The furniture is a combination of antiques and reproductions of period furniture. Curtains were selected to be harmonious with the period of the home, as were interior paint colors.

They searched throughout New England for craftsmen to hand-plane doors and wood paneling. They scoured dozens of shops looking for antique doors, hardware and other elements to incorporate. It took months to find just the right cabinetmaker (who was eventually located in Connecticut) to make wooden cabinets for the kitchen.

It took six local tradesmen and another half-dozen specialists to complete the house. Mr. Harbold, who served as general contractor, oversaw (obsessed over, says his wife) every detail in the 2,800-square-foot, eight-room house.

Why do so much work when they could have just hired a builder and handed over some plans?

"I've been planning this since I was 16," says Mr. Harbold, who works as a sales representative for Vintage Lumber, a specialty flooring company in Frederick. "Since I was a teen-ager, old architecture and furnishings have been an interest of mine."

At work, Mr.
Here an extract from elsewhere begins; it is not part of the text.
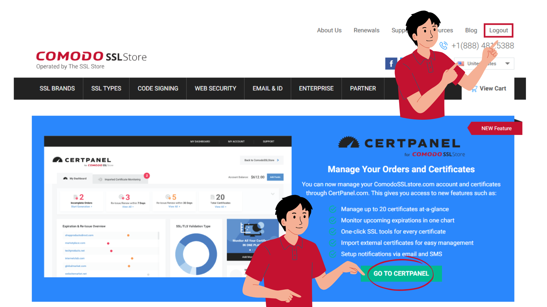 - If you are already logged into your account, you will see the “Log out” button instead. No need to click logout, you can go straight to CertPanel by clicking the “Go to CertPanel” button on the main page of ComodoSSLstore or accessing the link certpanel.com.
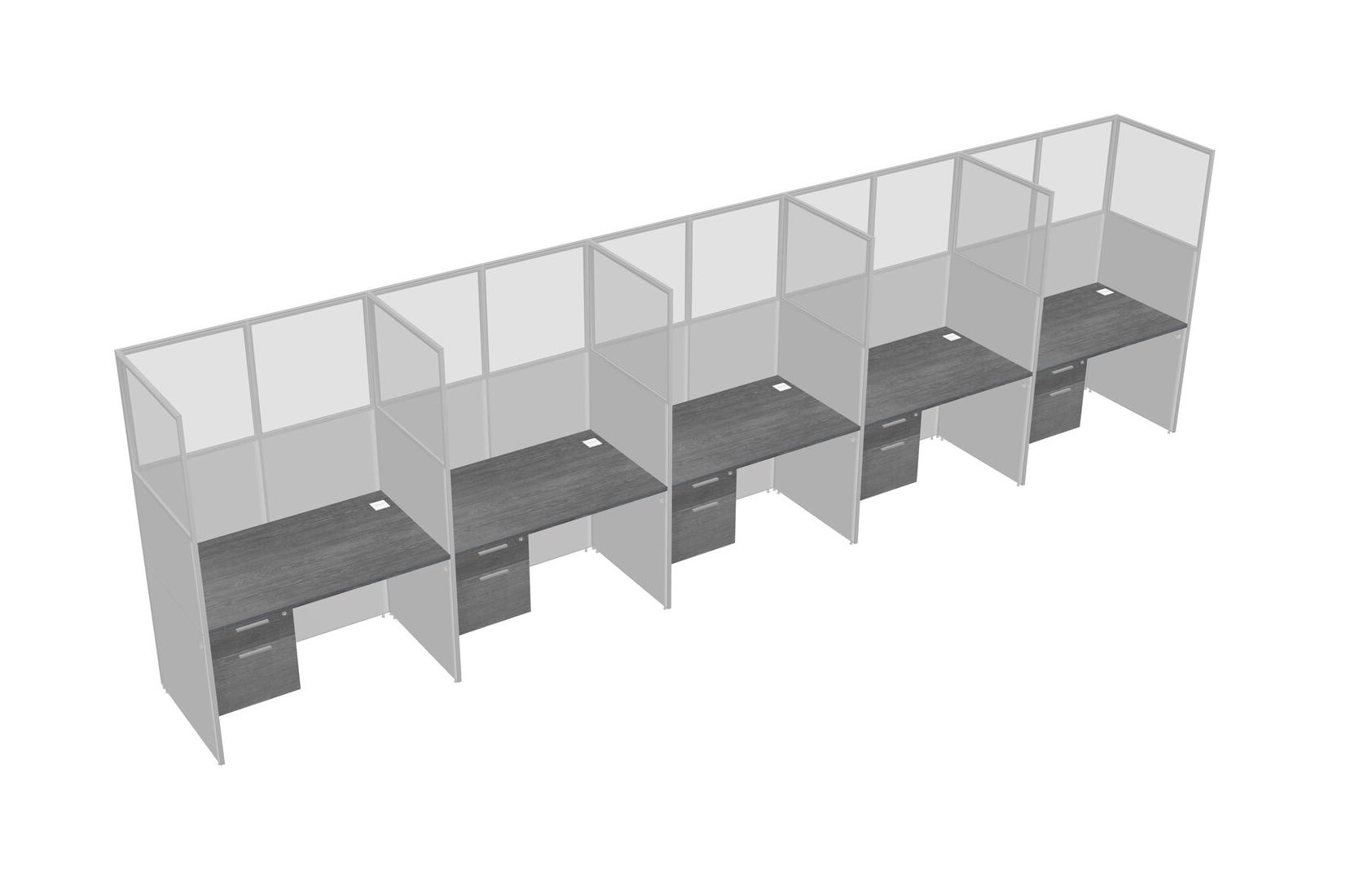 Grey Shared Rectangular Office Cubicle Panel System With Hanging Drawers For 5 Persons

Harbold deals regularly with craftsmen and builders, so he wasn't overwhelmed by the daunting task of assembling a team of workers and selecting materials to put their dream house together.
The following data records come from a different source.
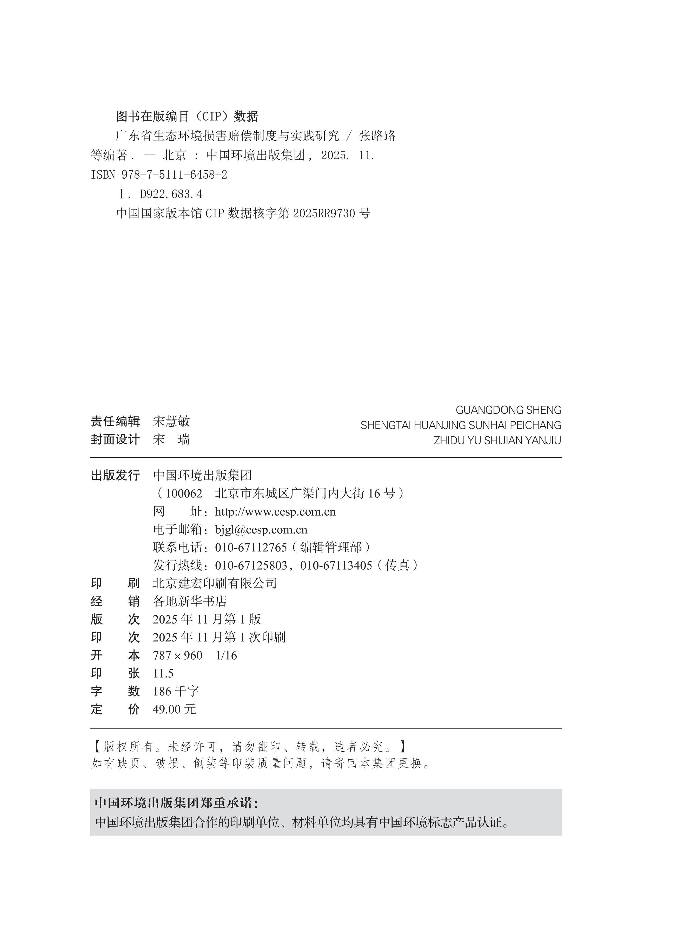 广东省生态环境损害赔偿制度与实践研究9787511164582
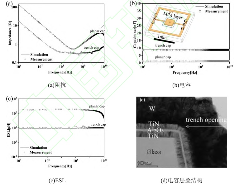 2023年胡志辉等人设计了一种基于玻璃基板的深沟槽电容器(DTC)。所提出的玻璃DTC模块的电容与DTC单元的数量成正比,最终实?8nF/mm2的高电容密度,击穿电?VBD)?7.83±2.3)V。同时,电容器的等效串联电感(ESL)和等效串联电阻(ESR)分别低?0pH?15mΩ。与硅基DTC相比,该DTC具有成本低、生产效率高、电性能好、体积小等优点、/p>
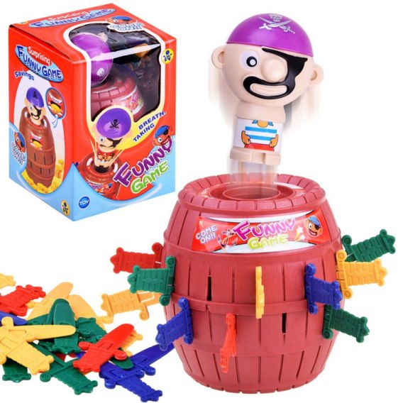 Gra polega na wkładaniu szabli do wybranych przez siebie otworów w beczce. Jeżeli zrobisz to niezręcznie, Pirat wyskoczy z beczki, a Ty... przegrywasz. Gra wymaga zręczności i buduje napięcie. Zasady są bardzo proste i gra daje dużo frajdy.
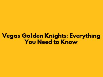 Vegas Golden Knights: Everything You Need To Know
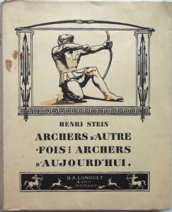 Stein (Henri). Archers d’autre- fois, Archers d'aujourd'hui. 20 illustra- tions hors texte en phototypie, 110 illustrations par Léon Laugier dans le texte. Paris, Longuet, 1925. In-4, broché. Couverture illustrée (trois petites taches brunes)....
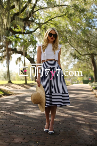 白色荷叶边短款上衣,娇俏可人,搭配着条纹高腰伞裙,尽显清新海军风。微露的马甲线,让博主看上去甜美中带有些许小性感,整体造型再搭配草帽,小长假就要这么穿。

The key to being this involved with building a house is careful planning, he says, adding that years of taking photographs of homes they admired and looking at plans saved on headaches and heartaches once construction began.
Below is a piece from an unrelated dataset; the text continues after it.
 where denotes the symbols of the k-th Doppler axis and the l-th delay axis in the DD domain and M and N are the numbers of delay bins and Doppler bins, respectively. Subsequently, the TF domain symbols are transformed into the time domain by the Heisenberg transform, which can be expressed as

"It went pretty smoothly. Except for the weather, which set us back, it was actually pretty painless," Mr. Harbold says.

The couple purchased the lot for $91,000 in 1991, started building in October 1992 and completed the job in September 1993. Total construction costs were $205,000 -- not a small sum -- on top of the lot cost.

But Mr. Harbold quickly points up that lots of folks buy big houses on large lots and pay that much or more without getting the same quality.